Given the struggles of the TV arm – in the context of an advertising market under enormous pressure – Lawson said it would be very difficult to convince any board to buy the business.

“It would take an individual who really believes they can turn it around,” says Lawson.

“Maybe somebody out there who has far too much money and has just finished watching the second season of [HBO show] Succession and imagines themselves a bit of media magnate would step in to buy it.”

Lawson says an added problem for the business is that the market isn’t getting any easier. He points to the impending arrival of Disney Plus in a landscape already occupied by a number of other players as a sign that competition will only increase further in the coming year.

He says the problem with the business is that local shows, even with government funding, are expensive to produce and demand a massive amount of advertising revenue to justify their continued existence.

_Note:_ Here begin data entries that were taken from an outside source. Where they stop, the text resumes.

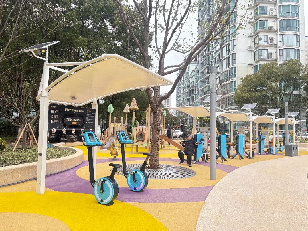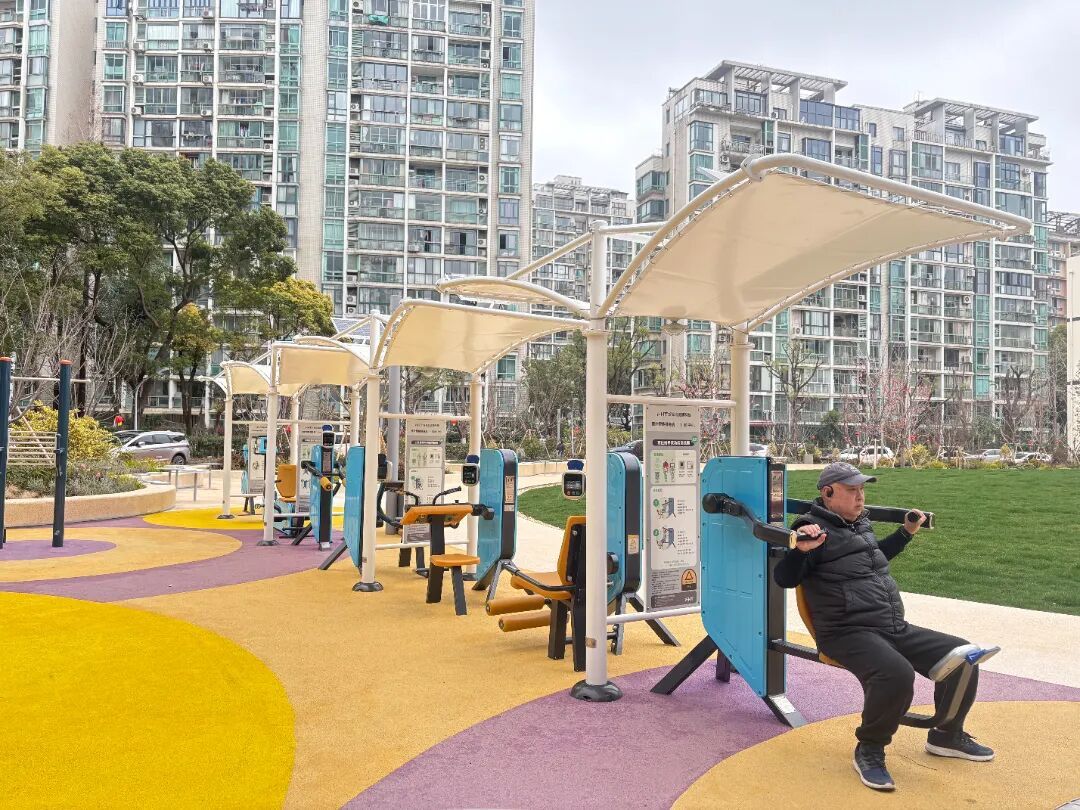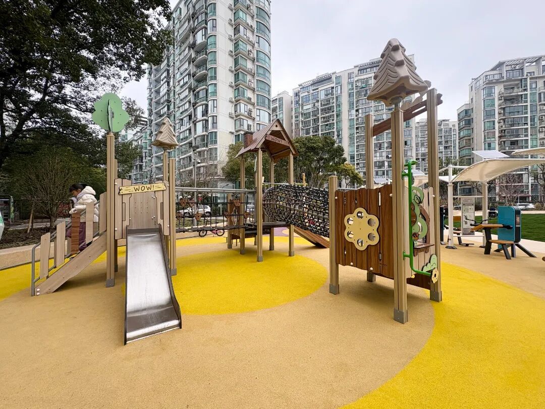 在设施配置上,则处处体现着全龄友好的理念。西南角的儿童游乐区和健身区,既有适合孩童攀爬嬉戏的组合滑梯、秋千,也涵盖力量训练、有氧训练等多种功能的新型智能健身器械,器材选用环保耐用的材质,部分还带有缓冲设计,最大限度保障使用者的安全。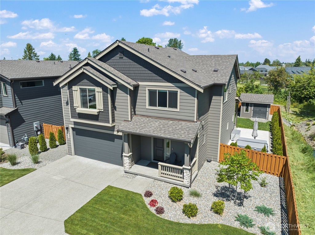 Immaculate, Mt. Rainier view, 2,464SF, 3-bed + loft/bonus, 2.5 bath home, perfectly situated on an oversized 9,159SF lot offering tons of off-street parking & privacy. Open concept Kitchen/Living/Dining w/ SS appliances, Quartz countertops, huge island, & LVP flooring. Vaulted owner's suite w/ private 5-piece bath, walk-in closet, & giant dual sink vanity. Lg. 3rd bedroom w/ walk-in closet. Laundry up w/ added matching cabinets. All the post new construction projects are complete like, landscaping + sprinkler system, additional poured concrete patio wired for hot tub, upgraded trim/shelving package + blinds, finished/painted garage wired for EV charging, garden shed, & more. This is truly a MUST-SEE home tucked away on a prime lot!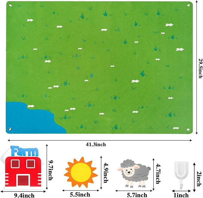 - FARM THEMED TEACHING TOYS KIT: Giant 3.5 feet domestic animals felt toy kit with 33 felt pieces comfortable size for little hands. These interactive felt pieces could be moved repeatedly on the felt board. With 4 sturdy hooks attached, the large felt background board can be easily hung.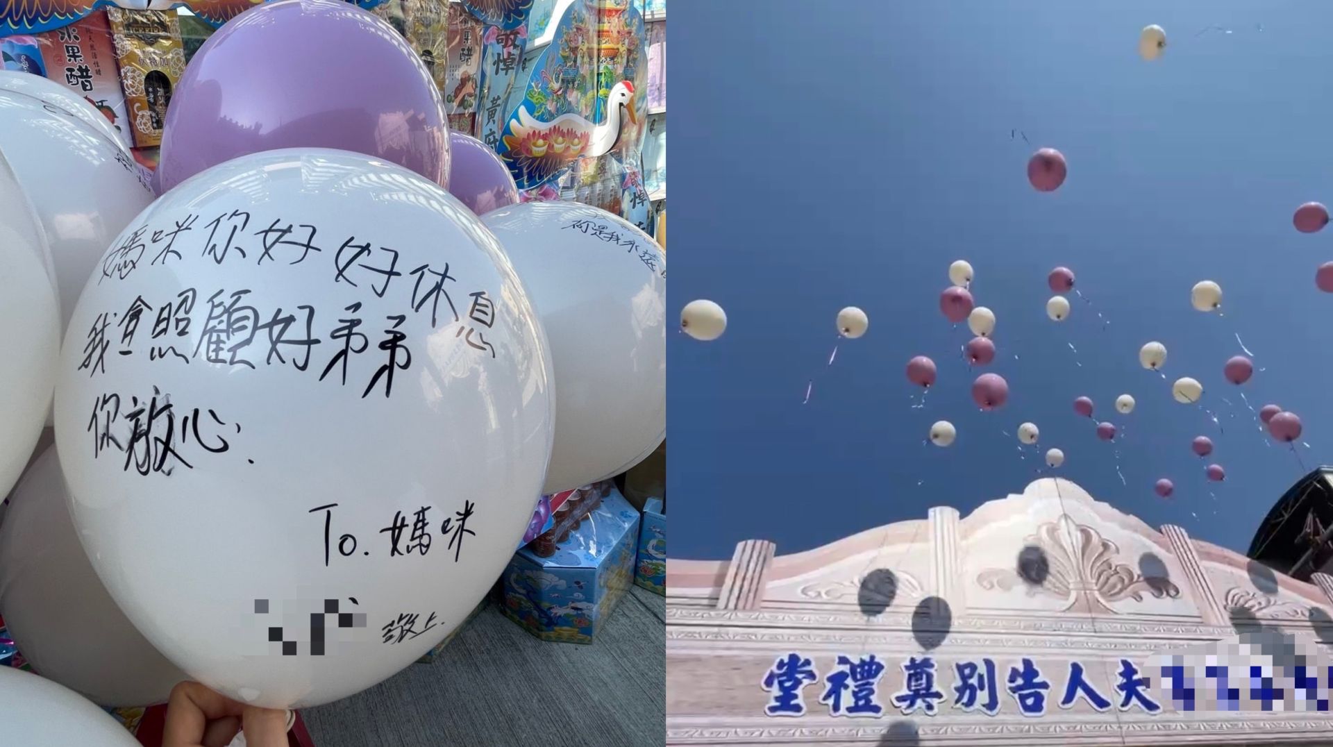 孩子們更親筆在氣球上寫下對母親的話「媽咪你好好休息,我會照顧弟弟你放心」、「我們會過得好好的,妳在那裡也要好好的」,隨著告別式播放的《再見的時候》,氣球緩緩升空,承載著思念飄向天際。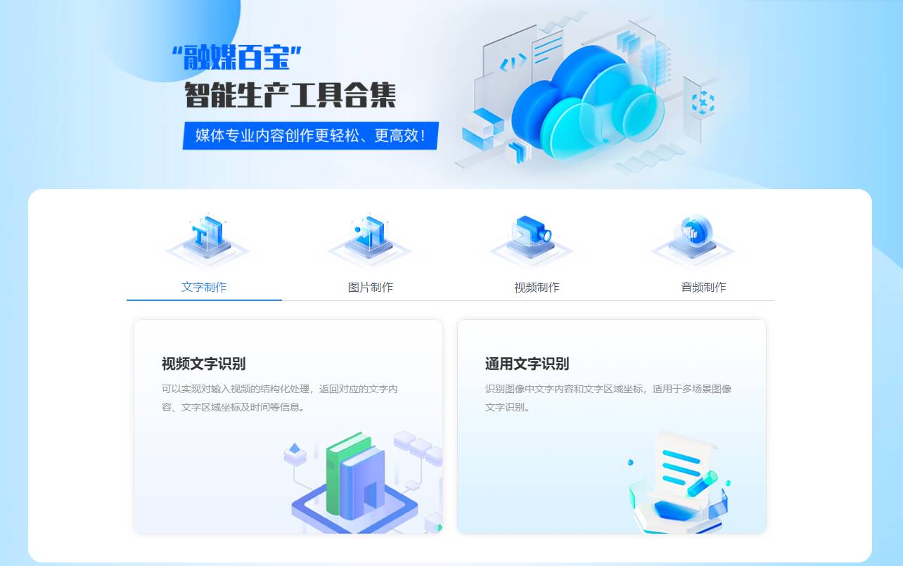 中部AI智能工作台功能分区简洁直观。集合了多种AI创作工具,包含融媒百宝智能生产工具、创意工坊智能生产平台、全媒智囊团数字虚拟主播、智能小融等,可为融媒内容生产提供9000万+图片、元素、字体等素材,30万+设计模板,辅助融媒体工作者进行快速的文稿生成和润色、图片编辑、H5编辑、音视频处理。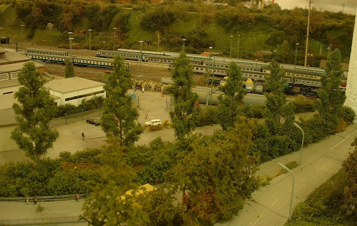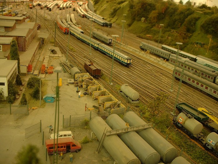 Unten: Ansicht der "P-Gruppe". Der TVT ist ein gesupertes Kleinserienmodell. Ob die Müllsäcke noch abgeholt werden? Der Wasserkran ist noch ein Überbleibsel der Dampflokzeit. Warum abreissen wenn stehen lassen billiger ist? Zumindest ein Teil Nostalgie.

Given these challenges, rumours have already started swirling that the business may close as early as December, roughly 30 years after the TV3 first launched. This does, however, seem a little far-fetched given the sales process would likely be drawn out beyond that deadline.

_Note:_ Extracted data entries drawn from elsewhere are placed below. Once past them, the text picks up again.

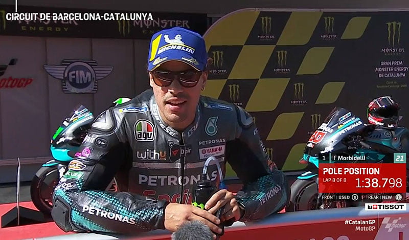 A peine descendu de sa Yamaha YZR-M1 du team Petronas Yamaha SRT après avoir obtenu la première place sur la grille de départ du Grand Prix de Catalogne à Barcelone, Franco Morbidelli s’est confié devant la caméra du site MotoGP.com avec la joie d’avoir réalisé sa première pole position en catégorie reine…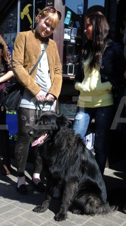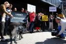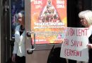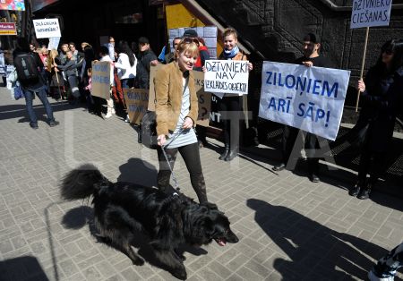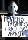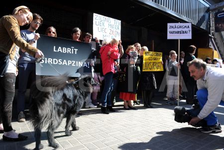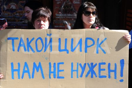 Suns pie Rīgas cirka, kur protests pret dzīvnieku izmantošanu cirkā.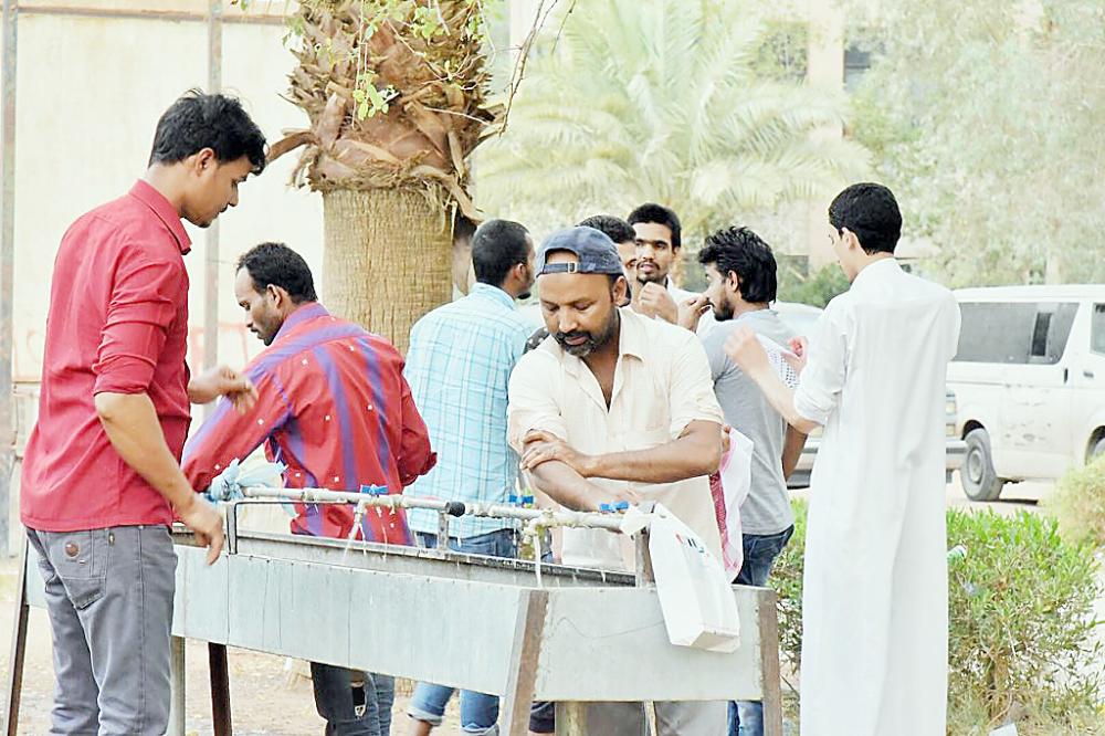 عمالة يستعدون لتناول الإفطار. (عكاظ)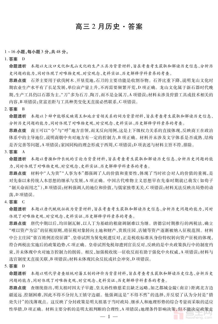 此答案资料适用于毫州市普通高中高三年级学生、历史学科教师及教研人员。学生通过核对答案能明确自身历史知识薄弱环节;教师借助该资料可进行学情诊断与教学反思,提升教学的针对性与备考规划的科学性,助力高三历史教学质量提升。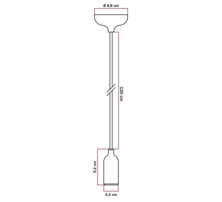 La suspension mesure 4,3 cm de diamètre et 9,2 cm de hauteur, avec un câble en coton blanc d’une longueur de 1,2 mètre. Elle diffuse une lumière à 360 degrés, parfaite pour un éclairage d’ambiance. L’ampoule E27 d’une puissance maximale de 53W n’est pas fournie mais est recommandée pour le bon fonctionnement de la suspension. Le luminaire n’est pas dimmable. Rosace assortie incluse.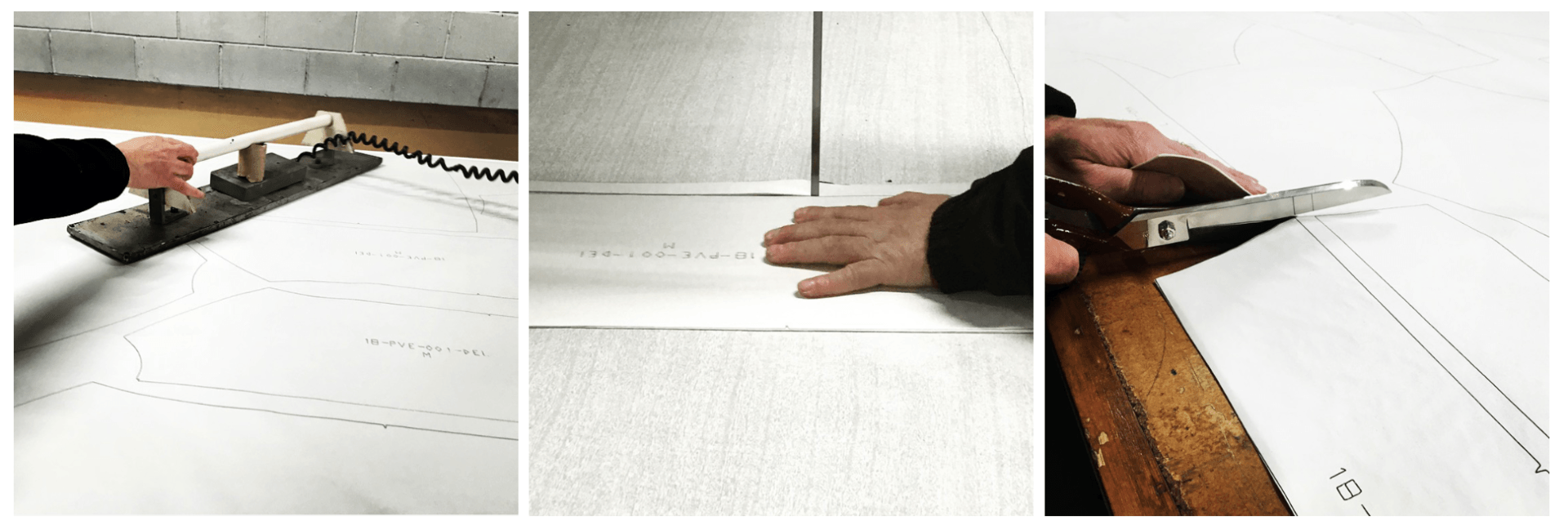 - El tall de tots els nostres teixits es fa de forma manual, cuidant fins al més mínim detall, deixant-los reposar en funció de la composició, reescalant els patrons en funció de l'encongiment... i a làser quan necessitem la màxima precisió, com és el cas de les jaquetes de PRIMALOFT® o de les jaquetes termosegellades: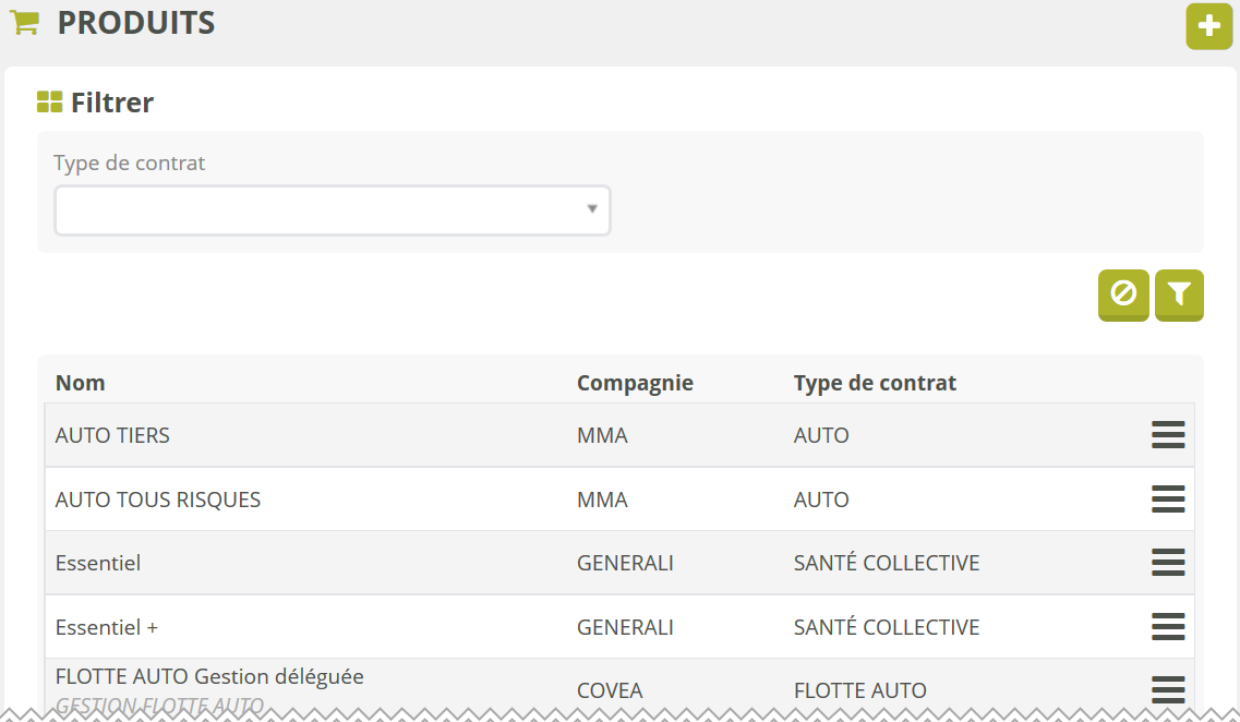 Un produit est rattaché à un type et une compagnie d'assurance. Il peut également être vu comme un « modèle » servant à pré-remplir certains éléments lors de la saisie d'un nouveau contrat (le type, la compagnie, les garanties), ce qui représente un gain de temps sur la saisie.

Another possibility emerged across the ditch in September, when Seven West Media chief executive James Warburton spitballed a plan to potentially stretch its business to this side of the Tasman.

Speaking to this at a staff meeting, Warburton suggested his company could start running some of its content in the New Zealand market.

A source who attended the meeting told the Herald that this, hypothetically, would involve Seven striking a deal with an organisation like MediaWorks to run shows already owned in the Australian market on this side of the ditch.

The Herald has approached Seven West Media to find out if the business is interested in the MediaWorks TV arm.

This move does seem much more plausible now, especially in light of fact that this strategy could remove many of the overheads that currently stand in the way of profitability.

If Seven were roll out this scheme, local shows and staff would make way for far cheaper syndicated television out of Australia and the US.

This was a potential future that The Project presenter Jesse Mulligan alluded to in his hard-hitting editorial this week in which he said Kiwis can expect local comedy to be replaced by the likes of Charlie Sheen.

It’s a bleak prediction as far as local programming goes, but it’s one of the few ways a buyer could pull revenue out of the existing Three audience while it lasts without having to cover the overheads the company currently has. It would be a short-term play, but it’s difficult to see any legitimate alternatives at this time.

The struggles of MediaWorks are in many ways similar to those of another Kiwi company, Stuff, which has seen its “for sale” sign collect dust rather than legitimate interest from potential suitors.

The difference, however, is that the owners of MediaWorks TV look far more impatient and don’t seem likely to continue dragging the anchor.